For the complete transcript of the earnings call, please refer to the full earnings call transcript.

Positive Points

  • Greggs PLC (GGGSF) achieved record sales of over 2 billion pounds in 2024, marking an 11% total sales growth.

  • The company reported a strong profit delivery with underlying pre-tax profits of 189.8 million pounds, a growth of 13.2%.

  • Greggs PLC (GGGSF) opened 226 new shops in 2024, resulting in a net growth of 145 shops, with a healthy pipeline for future openings.

  • The evening sales strategy is progressing well, now representing 9% of company-managed shop sales, and delivery sales have grown to 6.7% of sales.

  • The Greggs app has seen significant growth, with 1 in 5 transactions now scanned through the app, enhancing customer engagement and data collection.

Negative Points

  • The trading environment in 2024 was challenging, with low consumer confidence and a static physical market in volume terms.

  • Greggs PLC (GGGSF) faces significant inflationary pressures, particularly in wage costs, with an expected 8% wage inflation in the coming year.

  • The company anticipates a 6% overall cost inflation for 2025, driven by wage and energy costs.

  • Greggs PLC (GGGSF) is entering a peak investment phase, with capital expenditure expected to reach 300 million pounds, impacting cash flow.

  • The company is experiencing higher administrative expenses due to increased investment in technology and ERP systems.

Q & A Highlights

Q: Can you provide more details on the strategic growth drivers and how they are impacting Greggs' performance? A: Roisin Currie, CEO, highlighted that Greggs' strategic growth drivers include menu innovation, expanding shop locations, and enhancing digital channels. The introduction of new products like the over-a-drinks range and hot wraps has been successful. The company continues to open new shops, with a focus on underrepresented areas, and is investing in digital capabilities to enhance customer engagement and sales.
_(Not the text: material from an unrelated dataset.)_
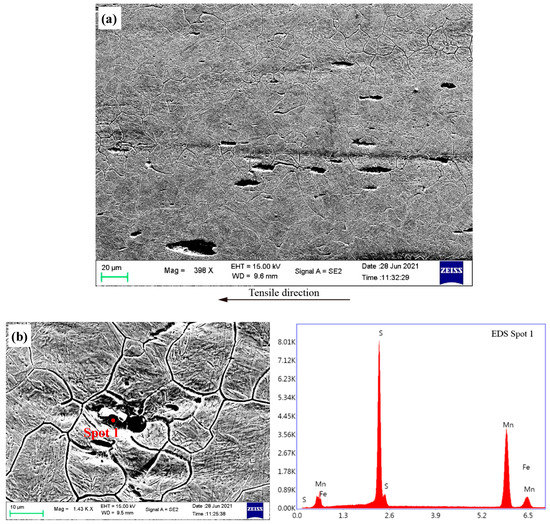 Microstructure of tension specimen at a temperature of 900 °C and a strain rate of 0.1 s−1: (a) inclusion damage; (b) MnS inclusions and EDS.
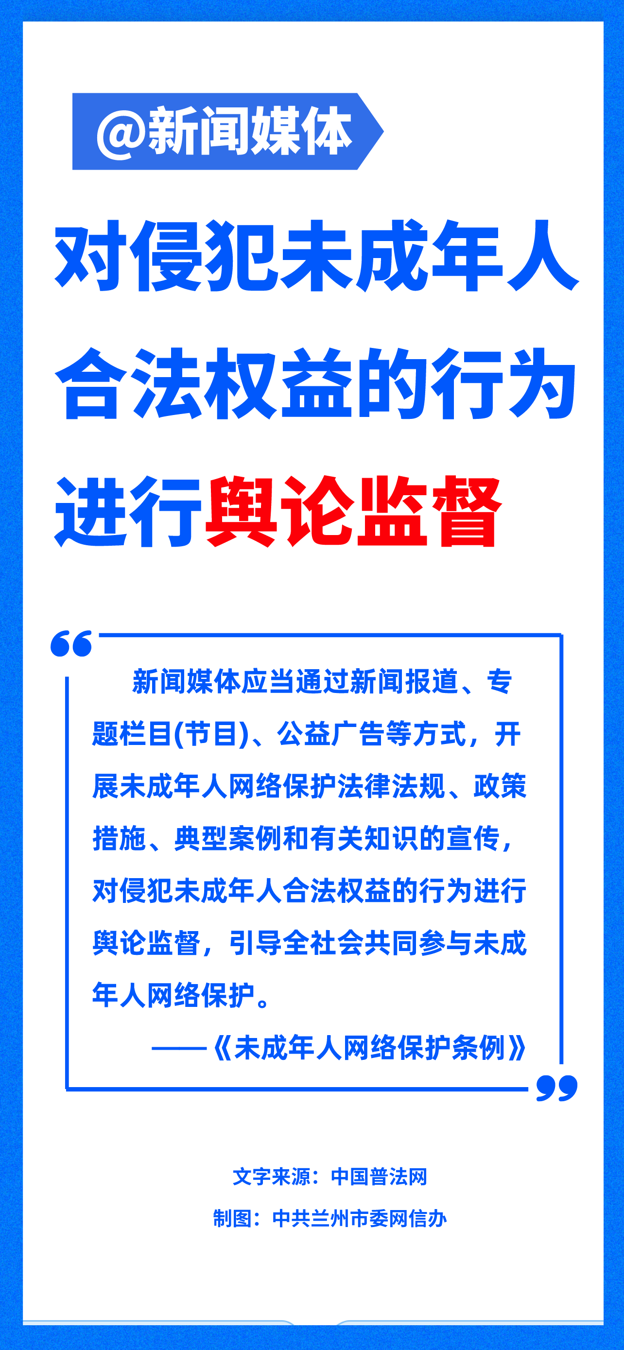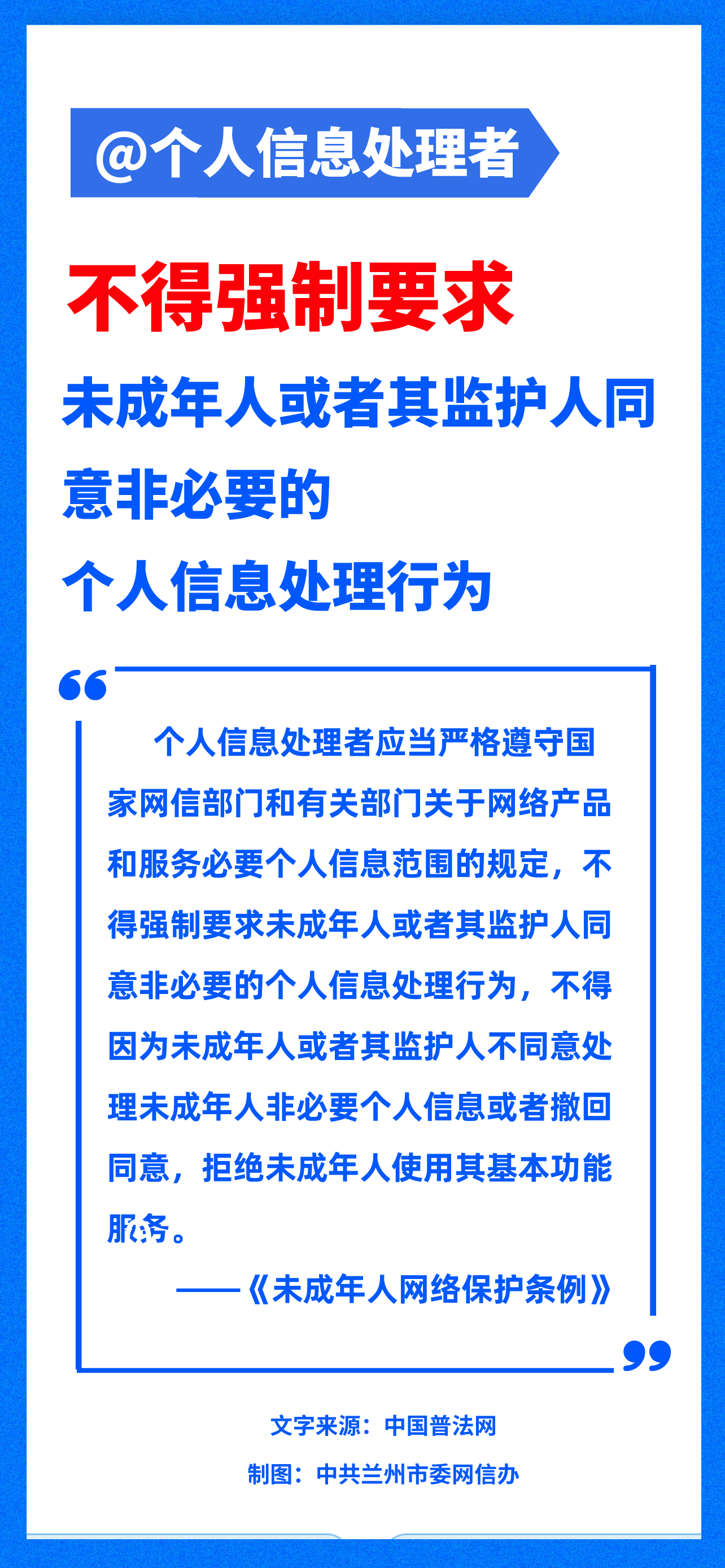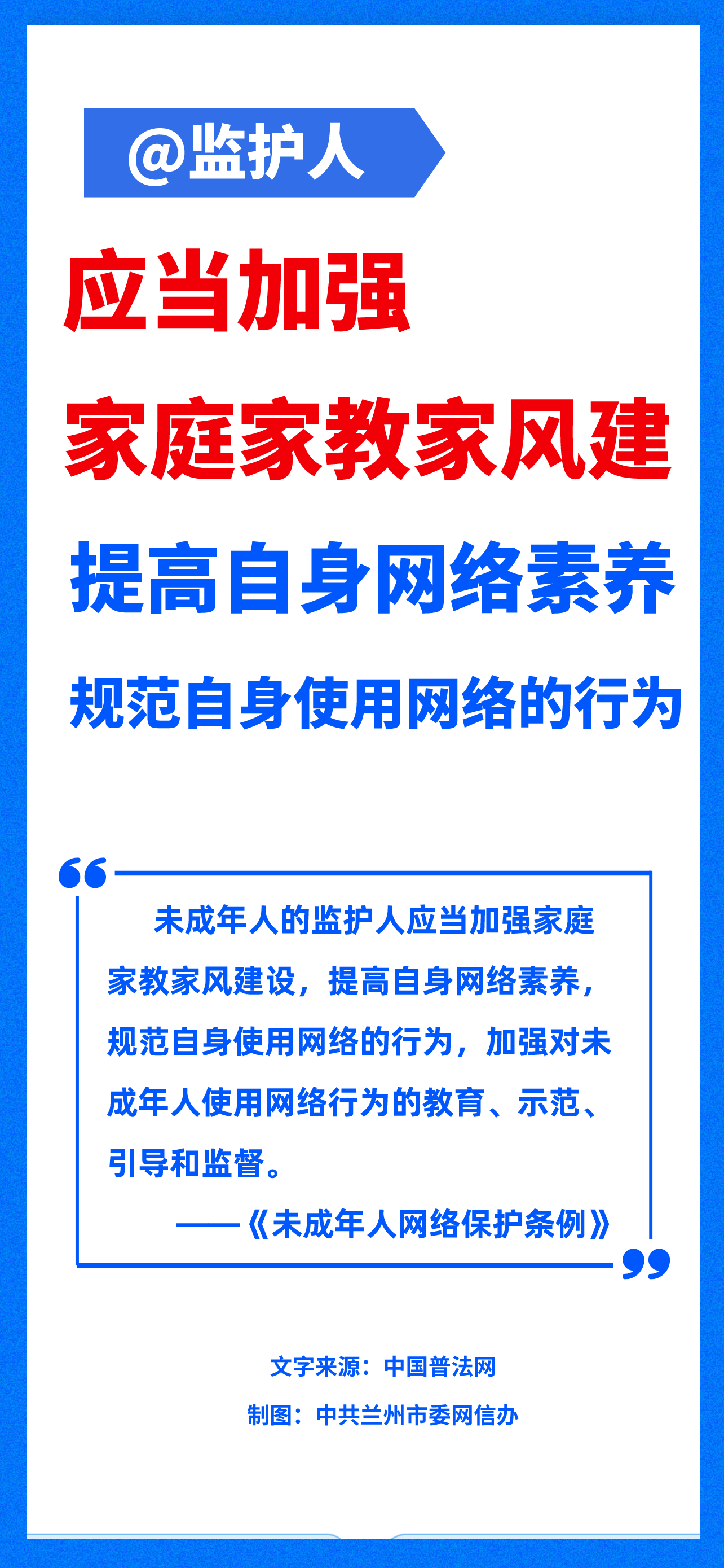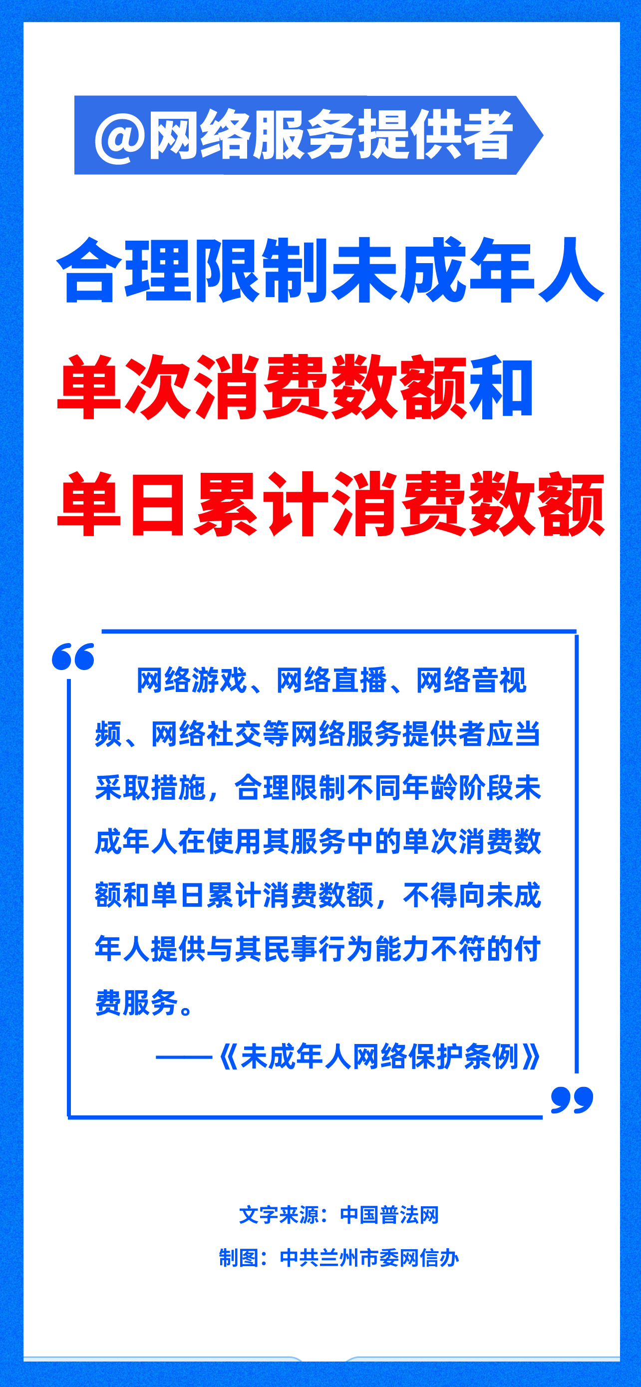 《未成年人网络保护条例》2023年10月24日发布, 将于2024年1月1日起施行。 该《条例》是我国出台的第一部专门性的未成年人网络保护综合立法, 旨在保障未成年人合法权益, 为未成年人网络保护提供有力的法治保障。 请看中共兰州市委网信办为您划重点, 速读未成年人网络保护新举措!

Q: How is Greggs managing cost inflation, particularly in terms of wages and food costs? A: Richard Hutton, CFO, explained that Greggs is experiencing cost inflation, especially in wages, with an expected 8% increase. The company is managing this through strategic pricing and cost recovery measures. Food and packaging costs were slightly deflationary last year, and they expect single-digit inflation in the coming year. Greggs aims to maintain its value proposition despite these pressures.

Q: What are the plans for expanding Greggs' shop network, and how are new locations performing? A: Roisin Currie stated that Greggs plans to open 140 to 150 new shops in the coming year, with a focus on areas where they are underrepresented. New shops are delivering strong returns, typically achieving a 25% return on investment within two years. The company is also relocating and refurbishing existing shops to better serve customers and enhance sales.